February 11, 2016 by NSC in Advisory Desk, Technical
Until recently, the process for determining Execution Class for structural steel was based on the approach given in BS EN 1090-2:2008+A1:2011 (issued August 2011).  This approach has now been superseded by an alternative method given in BS EN 1993-1-1:2005+A1:2014 (issued June 2015) and the amendment to its accompanying National Annex.

BS EN 1090-2 introduced the concept of Execution Class as an aid to designers when specifying the Execution requirements for steel structures. Four Execution Classes were identified – Class 4 being the most onerous. Orthodox buildings are typically Class 2. Some years after its publication, the European committees responsible for the design (BS EN 1993-1-1) and Execution (BS EN 1090-2) standards for structural steel recognised that the recommendations for the selection of Execution Class would be better placed in the design standard, BS EN 1993-1-1. The work to move this guidance is now complete and the British Standards Institute (BSI) recently published a revised version of BS EN 1993-1-1 together with a new National Annex NA+A1:2014 to BS EN 1993-1-1:2005+A1:2014 (issued June 2015).

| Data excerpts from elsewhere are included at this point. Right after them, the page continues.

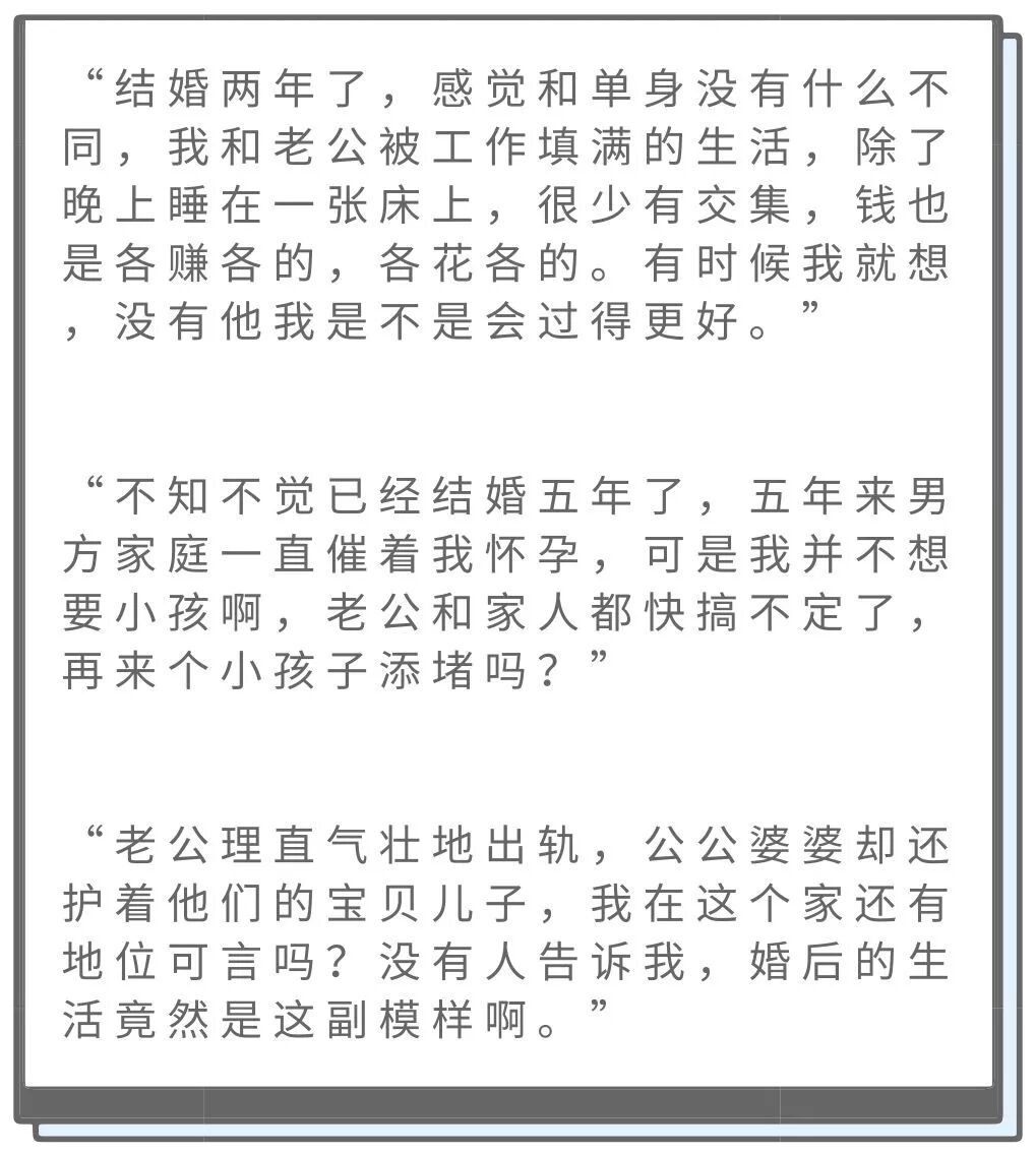 最近聽到一個新鮮的詞,叫做「婚後單身」,網友們紛紛說出了她們的故事:
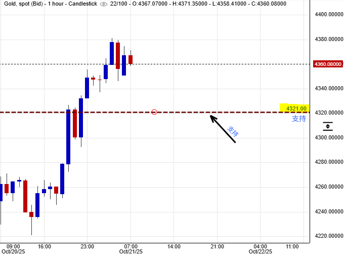 可以部署在$4,321美元左右建立好倉盤,短線看高金價一線至$4,422美元水平後止賺,止損在$4,306美元。
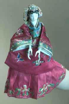 偶戏馆中观众可以自己亲自操作,这是一对母子在体会操作提线木偶的乐趣。
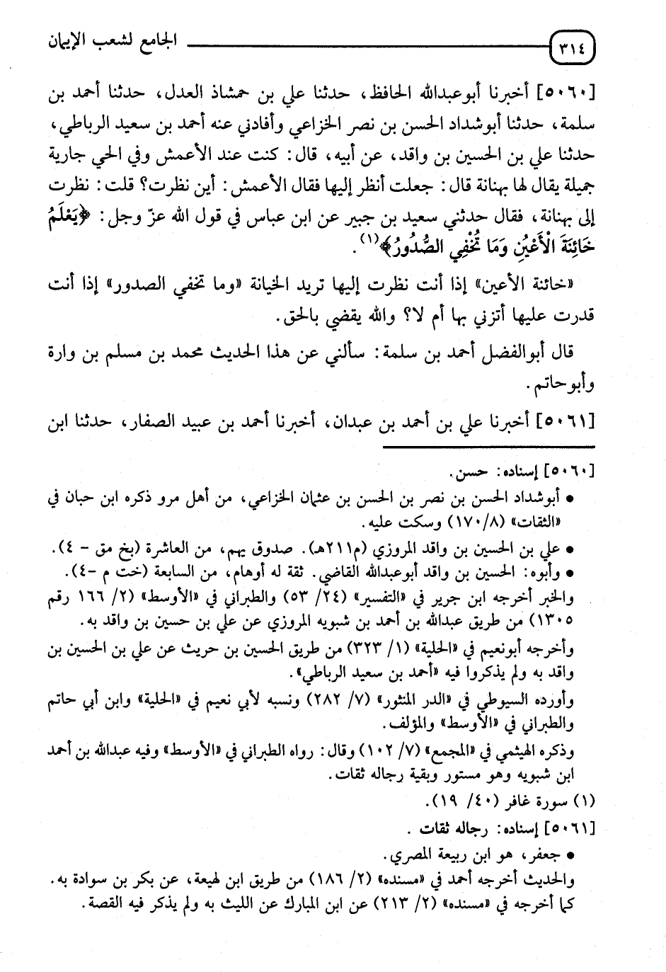 5060 - أَخْبَرَنَا أَبُو عَبْدِ اللهِ الْحَافِظُ، ثنا عَلِيُّ بْنُ حَمْشَاذَ الْعَدْلُ، أنا أَحْمَدُ بْنُ سَلَمَةَ، ثنا أَبُو شَدَّادٍ الْحُسَيْنُ بْنُ نَصْرٍ الْخُزَاعِيُّ، وَأَفَادَنِي عَنْهُ أَحْمَدُ بْنُ سَعِيدٍ الرِّبَاطِيُّ، ثنا عَلِيُّ بْنُ الْحُسَيْنِ بْنِ وَاقِدٍ، عَنْ أَبِيهِ، قَالَ: كُنْتُ عِنْدَ الْأَعْمَشِ وَفِي الْحَيِّ جَارِيَةٌ جَمِيلَةٌ يُقَالُ لَهَا بَهْنَانَةُ، قَالَ: جَعَلْتُ أَنْظُرُ إِلَيْهَا، فَقَالَ الْأَعْمَشُ: أَيْنَ نَظَرْتَ؟ قُلْتُ: نَظَرْتُ إِلَى بَهْنَانَةَ، قَالَ: حَدَّثَنِي سَعِيدُ بْنُ جُبَيْرٍ، عَنِ ابْنِ عَبَّاسٍ فِي قَوْلِ اللهِ عَزَّ وَجَلَّ {§يَعْلَمُ خَائِنَةَ} [غافر: 19] الْأَعْيُنِ وَمَا تُخْفِي الصُّدُورُ " خَائِنَةُ الْأَعْيُنِ إِذَا أَنْتَ نَظَرْتَ إِلَيْهَا تُرِيدُ الْخِيَانَةَ، وَمَا تُخْفِي الصُّدُورُ إِذَا أَنْتَ قَدَرْتَ عَلَيْهَا أَتَزْنِي أَمْ لَا، وَاللهُ يَقْضِي بِالْحَقِّ " قَالَ أَبُو الْفَضْلِ أَحْمَدُ بْنُ سَلَمَةَ: " سَأَلَنِي عَنْ هَذَا الْحَدِيثِ مُحَمَّدُ بْنُ مُسْلِمِ بْنِ دَارَةَ وَأَبُو حَاتِمٍ "
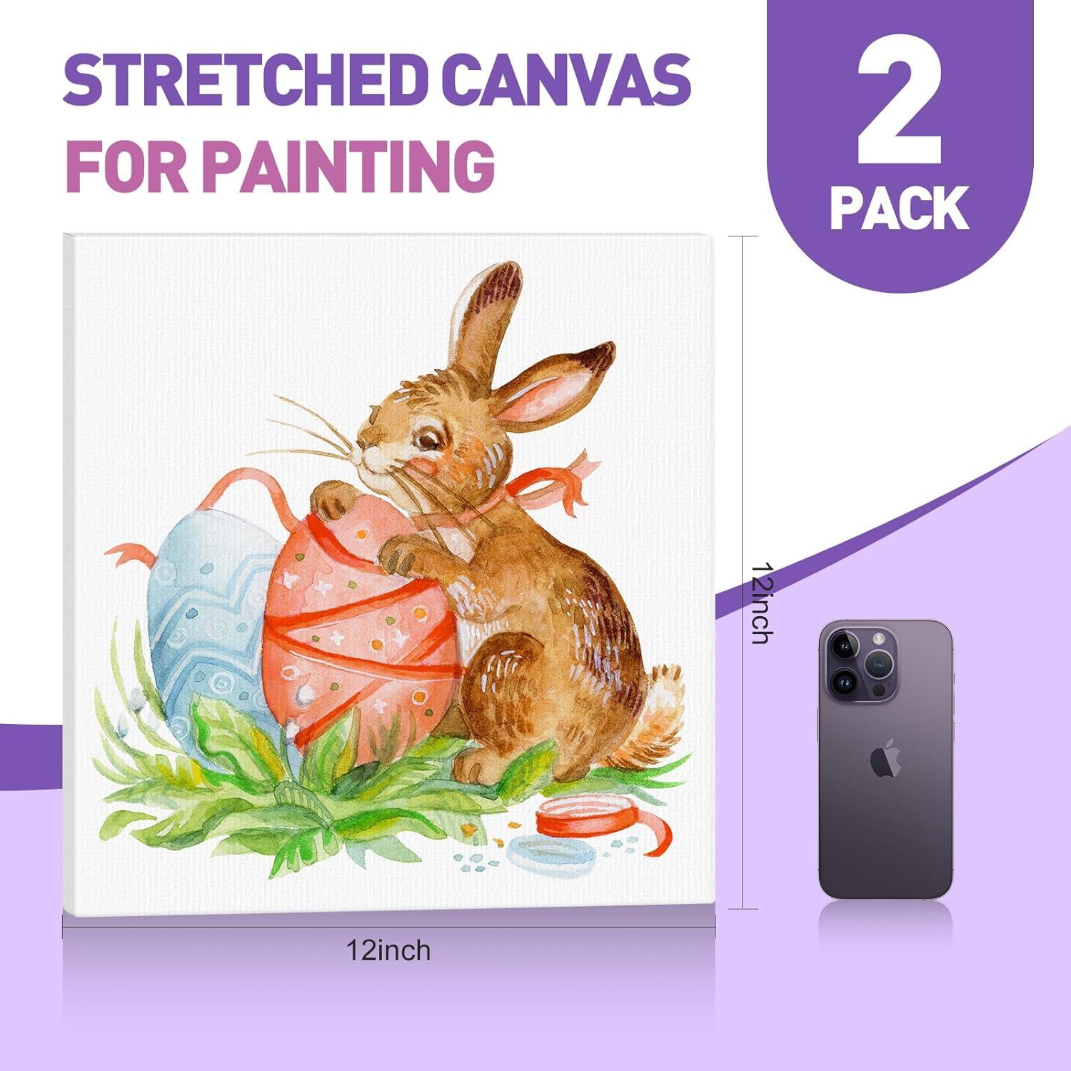 ESRICH Stretched Canvas for Painting, 5 Pack 8x10 Canvas Value Pack, Primed Acid-Free Cotton Blank Canvas, Paint Canvases for Oil & Acrylic Paint.(12x12)

BS EN 1993-1-1:2005+A1:2014 now contains a new normative ‘Annex C – Selection of Execution Class’. There are a couple of major differences between the recommendations in Annex C of BS EN 1993-1-1 and those given in Annex B of BS EN 1090-2. The first difference is that the Annex C is normative and engineers must use the approach given in the standard. The guidance given in Annex B of BS EN 1090-2 was informative and engineers could either adopt the guidance or use an alternative approach. The second change concerns the approach for selecting Execution Class. The relationship in Annex C is based on Consequences Class (CC)/Reliability Class (RC), type of loading and the grade of steel. Production Class has been removed.

The new Annex C of BS EN 1993-1-1:2005+A1:2014 also contains provisions for national determination. These allow member states to recommend an alternative approach to the selection of Execution Class and to place limitations on the use of Execution Class 1. The UK’s approach for the selection of Execution Class is given in Clause NA.2.27.3 and Table NA.4. of the revised National Annex to BS EN 1993-1-1. Table NA.4. is reproduced at the bottom of the page.

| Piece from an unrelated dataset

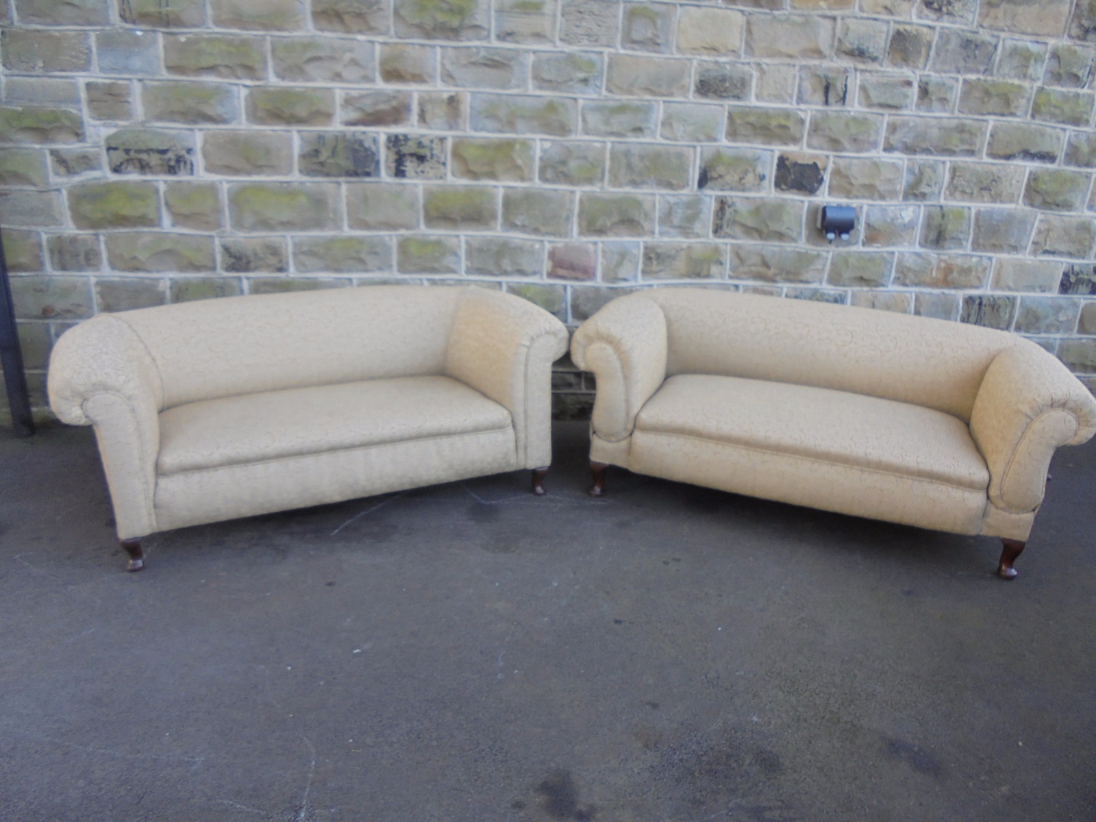 Pair of English Upholstered Country House Chesterfield Sofas c.1900
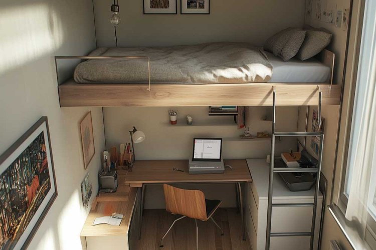 אם החלטתם כן לרכוש רהיטים חדשים לצורך העניין, חפשו מיטות גלריה הבנויות לגובה ומאפשרות מיקום פינת כתיבה מתחת למיטה העליונה. בחדר קטן בו כל המיטות נמצאות בגובה, יתפנה שטח מרכזי בחדר לטובת פינת כתיבה, מדפי אחסון ומקומות משחק. החיסרון: לא זול, אם כי אפשר למצוא מיטות גלריה נהדרות באתרי יד-2. כיום ניתן למצוא מיטות שמכילות גם ארון צדדי, מגירות ופינת כתיבה, הכל מגיע יחד במבנה המיטה.

Note that the broad division in the table is between structures subject to fatigue, and those where fatigue is not a design consideration. EXC2 is the anticipated Class for most building structures. Bridges, being subject to fatigue, will generally be Execution Class 3.

The use of EXC1 is not encouraged by the standard or the UK National Annex. The standard states that EXC1 “is not endorsed for general use.” and the National Annex notes that the use of EXC1 “might result in a higher probability of structural failure than is normally accepted for most structures in the UK”

Although BS EN 1090-2:2008+A1:2011 has not yet been amended to remove Annex B, it is recommended that the selection of Execution Class should be based on the recommendations given in ‘normative’ Annex C of BS EN 1993-1-1:2005+A1:2014 and its supporting National Annex.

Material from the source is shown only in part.